- **Material for this exercise**
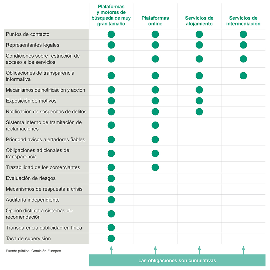 El Reglamento identifica las siguientes obligaciones aplicables a todos los servicios intermediarios:
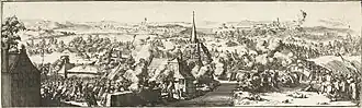 Despite his troop's failure to overcome Hodges' small force, Humières decided to attack Walcourt itself, which had since been occupied by 600 men. The ground was not favourable to the French – although the defences of the town were antiquated, it stood on a hill partly covered by a river.[14] Nevertheless, several attacks were pressed home, but the French suffered heavy casualties from the Allied enfilading guns. Despite the losses Humières persisted, and sent a party of Gardes Françaises to try to set alight Walcourt's gates. The attempt failed, and the safety of the garrison was assured after Brigadier-General Thomas Tollemache brought the Coldstream Guards and a German Battalion into the town around 14:00.[13]
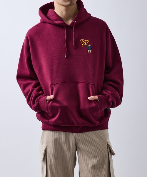 BEN DAVISのj.n.r.d別注による裏起毛パーカー【素材】しっかりとした打ち込みの裏起毛素材を使用し、厚みと保温性を両立。裏面はふんわりとした起毛で肌当たりが柔らかく、快適な着心地。【シルエット・デザイン】程よいビッグシルエットで、性別を問わず着られる万能なデザイン。左胸には“スプレーでグラフィティを描くゴリラ”のワンポイント刺繍、背面にはハートモチーフを組み合わせたタイポグラフィ刺繍をほどこした、存在感のある別注仕様。フードはしっかりと立つつくりで、被らなくても立体的なシルエットが楽しめます。[BEN DAVIS / ベンデイビス]サンフランシスコ発のアメリカン・ワークウェアブランド。デービス家は1800年代から衣類製造に携わり、1935年に「BEN DAVIS Manufacturing」を設立。ゴリラのマークで知られ、耐久性と実用性を備えたワークウェアで長年支持されています。【スタイリング】ワイドデニムやコーデュロイパンツなど、カジュアルで温かみのある素材と相性抜群。MA-1やスタジャンのように衿の低いアウターと合わせると、立体的なフードが映え、バランス良く着こなせます。シンプルながらデザイン性があり、コーディネートの主役になるアイテム。-------------------------------裏地:なし透け感:なし伸縮性:あり生地感・厚さ:普通~厚手ポケット:なしその他仕様:なし-------------------------------【モデル着用サイズ】Height:178cm Lサイズ着用profile:『j.n.r.d』【CHANGE TO NEW STANDARD】をテーマに、トレンドを取り入れた新たなスタンダードアイテムを提案。“ただシンプルで着やすいスタンダード”からの進化を目指し、常に新鮮さのあるデザインを追求するブランド。※撮影環境やモニター設定により、色味が異なって見える場合がございます。※カラーは詳細画像の色味をご参照ください。
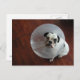 le chiot Selma n'était pas content après que le vétérinaire médecin lui ait mis ce terrible cône en plastique sur la tête
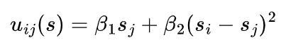 其中一般假设β1>0和β2<0。参数β1捕获了“威望偏好”,β1值为正表示倾向于认可高分者。参数β2反映为“接近偏好”,β2值为负值,表明倾向于认可与自己得分相近的他人。最后获胜关系i→j产生的概率为可由多项Logit表示:
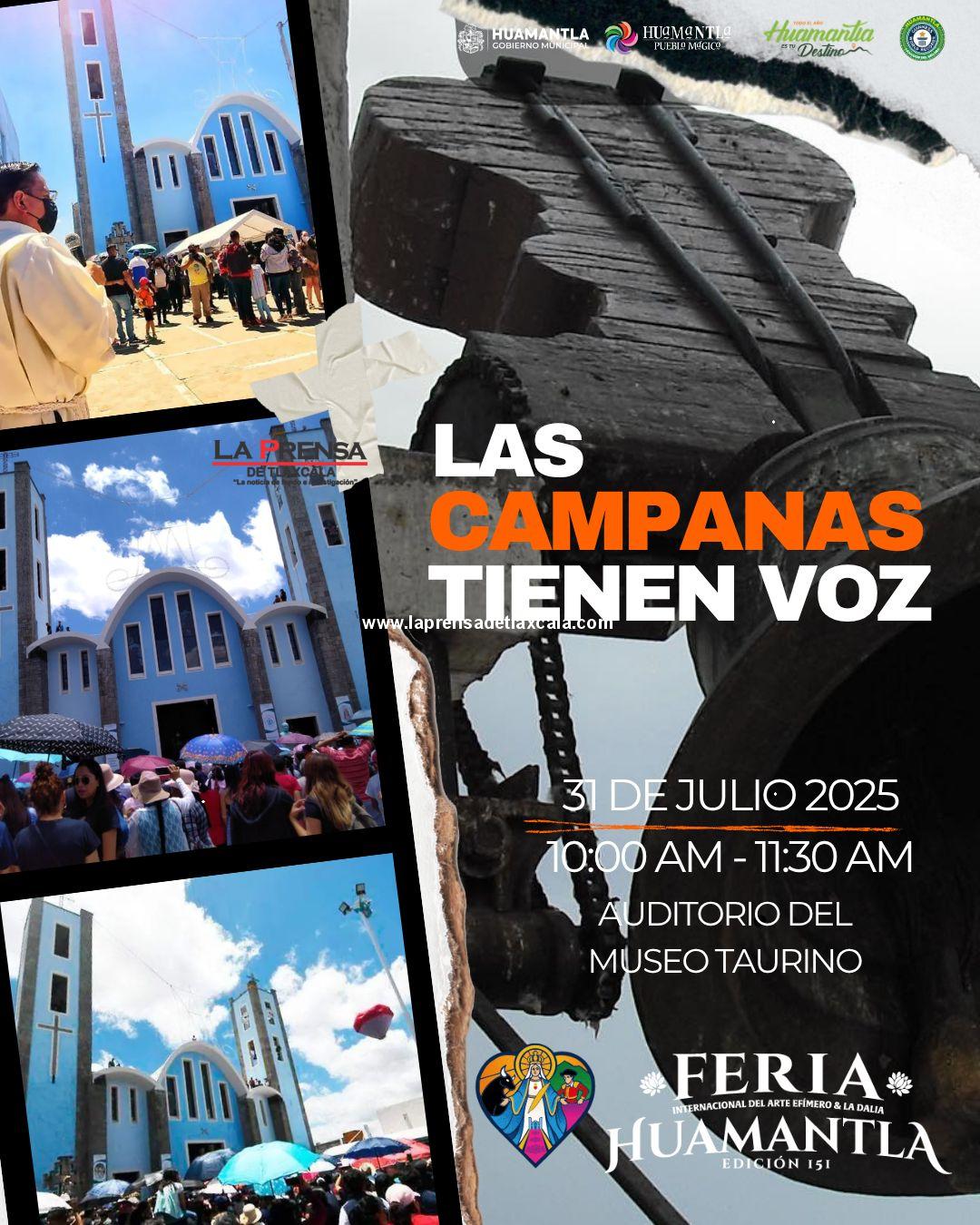 En el marco de la Feria Internacional del Arte Efímero y la Dalia 2025, el próximo jueves 31 de julio a las 10:00 de la mañana se llevará a cabo el conversatorio titulado “Las Campanas Tienen Voz”, en el auditorio del Museo Taurino de Huamantla.

- **Exercise details**
Would you write out the material above in full, exactly as given, except for its pictures?

- **Result of this exercise**
 El Reglamento identifica las siguientes obligaciones aplicables a todos los servicios intermediarios:
 Despite his troop's failure to overcome Hodges' small force, Humières decided to attack Walcourt itself, which had since been occupied by 600 men. The ground was not favourable to the French – although the defences of the town were antiquated, it stood on a hill partly covered by a river.[14] Nevertheless, several attacks were pressed home, but the French suffered heavy casualties from the Allied enfilading guns. Despite the losses Humières persisted, and sent a party of Gardes Françaises to try to set alight Walcourt's gates. The attempt failed, and the safety of the garrison was assured after Brigadier-General Thomas Tollemache brought the Coldstream Guards and a German Battalion into the town around 14:00.[13]
 BEN DAVISのj.n.r.d別注による裏起毛パーカー【素材】しっかりとした打ち込みの裏起毛素材を使用し、厚みと保温性を両立。裏面はふんわりとした起毛で肌当たりが柔らかく、快適な着心地。【シルエット・デザイン】程よいビッグシルエットで、性別を問わず着られる万能なデザイン。左胸には“スプレーでグラフィティを描くゴリラ”のワンポイント刺繍、背面にはハートモチーフを組み合わせたタイポグラフィ刺繍をほどこした、存在感のある別注仕様。フードはしっかりと立つつくりで、被らなくても立体的なシルエットが楽しめます。[BEN DAVIS / ベンデイビス]サンフランシスコ発のアメリカン・ワークウェアブランド。デービス家は1800年代から衣類製造に携わり、1935年に「BEN DAVIS Manufacturing」を設立。ゴリラのマークで知られ、耐久性と実用性を備えたワークウェアで長年支持されています。【スタイリング】ワイドデニムやコーデュロイパンツなど、カジュアルで温かみのある素材と相性抜群。MA-1やスタジャンのように衿の低いアウターと合わせると、立体的なフードが映え、バランス良く着こなせます。シンプルながらデザイン性があり、コーディネートの主役になるアイテム。-------------------------------裏地:なし透け感:なし伸縮性:あり生地感・厚さ:普通~厚手ポケット:なしその他仕様:なし-------------------------------【モデル着用サイズ】Height:178cm Lサイズ着用profile:『j.n.r.d』【CHANGE TO NEW STANDARD】をテーマに、トレンドを取り入れた新たなスタンダードアイテムを提案。“ただシンプルで着やすいスタンダード”からの進化を目指し、常に新鮮さのあるデザインを追求するブランド。※撮影環境やモニター設定により、色味が異なって見える場合がございます。※カラーは詳細画像の色味をご参照ください。
 le chiot Selma n'était pas content après que le vétérinaire médecin lui ait mis ce terrible cône en plastique sur la tête
 其中一般假设β1>0和β2<0。参数β1捕获了“威望偏好”,β1值为正表示倾向于认可高分者。参数β2反映为“接近偏好”,β2值为负值,表明倾向于认可与自己得分相近的他人。最后获胜关系i→j产生的概率为可由多项Logit表示:
 En el marco de la Feria Internacional del Arte Efímero y la Dalia 2025, el próximo jueves 31 de julio a las 10:00 de la mañana se llevará a cabo el conversatorio titulado “Las Campanas Tienen Voz”, en el auditorio del Museo Taurino de Huamantla.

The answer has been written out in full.